Van der Stucken's life has been full of labors and honors. He was born at Fredericksburg, Texas, in 1858, of a Belgian father and a German mother. After the Civil War, in which the father served in the Confederate army as a captain of the Texan cavalry, the family returned to Belgium, where, at Antwerp, Van der Stucken studied under Benoit. Here some of his music was played in the churches, and a ballet at the Royal Theatre.
In 1878 he began studies in Leipzig, making important acquaintances, such as Reinecke, Grieg, and Sinding. His first male chorus was sung there, with great success. Of his fifth opus, consisting of nine songs, Edvard Grieg wrote an enthusiastic criticism. After travelling for some time, Van der Stucken was appointed kapellmeister at the Breslau Stadt-Theatre. This was his début as conductor. Here he composed his well-known suite on Shakespeare's "Tempest," which has been performed abroad and here. Here, also, he wrote a "Festzug," an important work in Wagnerian style, and his passionate "Pagina d'Amore," which, with the published portions of his lyric drama, "Vlasda," has been performed by many great orchestras.
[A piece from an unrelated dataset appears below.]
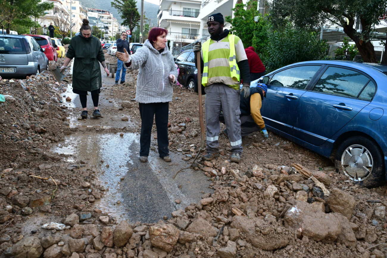 Κάτοικοι και συνεργεία του δήμου από το νωρίς το πρωί άρχισαν το δύσκολο έργο του καθαρισμόυ που δεν είναι εύκολο να ολοκληρωθεί άμεσα ενώ υπάρχει ο κίνδυνος και νέων βροχοπτώσεων σήμερα.
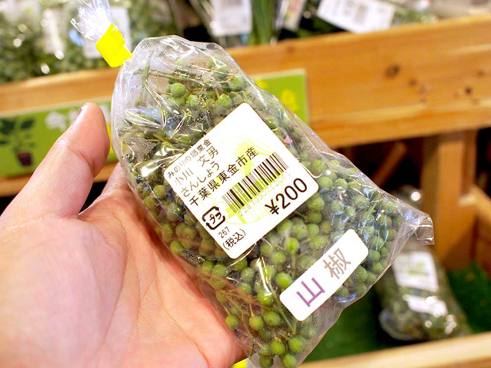 お問い合わせの多い東金産山椒粒も本日並んでいます。東金産のセリもあります。

In 1883, Van der Stucken met Liszt, at Weimar, and under his auspices gave a concert of his own compositions, winning the congratulations of Grieg, Lassen, Liszt, and many other celebrated musicians. A prominent German critic headed his review of the performance: "A new star on the musical firmament."
Van der Stucken was now called to the directorship of the famous Arion Male Chorus in New York, a position which he held for eleven years with remarkable results. In 1892 he took his chorus on a tour in Europe and won superlative praises everywhere.
In 1885 and successive years Van der Stucken conducted orchestral "Novelty Concerts," which have an historical importance as giving the first hearing to symphonic works by American composers. In Berlin and in Paris he also gave our musicians the privilege of public performance. From 1891 to 1894 he devoted himself to reforming the Northeastern Säengerbund, achieving the enormous task of making five thousand male voices sing difficult music artistically. Since 1895 Van der Stucken has been conductor of the newly formed Cincinnati Symphony Orchestra, as well as dean of the faculty of the College of Music in that city. The influence of this man, who is certainly one of the most important musicians of his time, is bringing Cincinnati back to its old musical prestige.
As a composer, Van der Stucken shows the same originality and power that characterize him as an organizer. His prelude to the opera "Vlasda" (op. 9) is one long rapture of passionate sweetness, superbly instrumented. An arrangement of it has been made for the piano for four hands by Horatio W. Parker.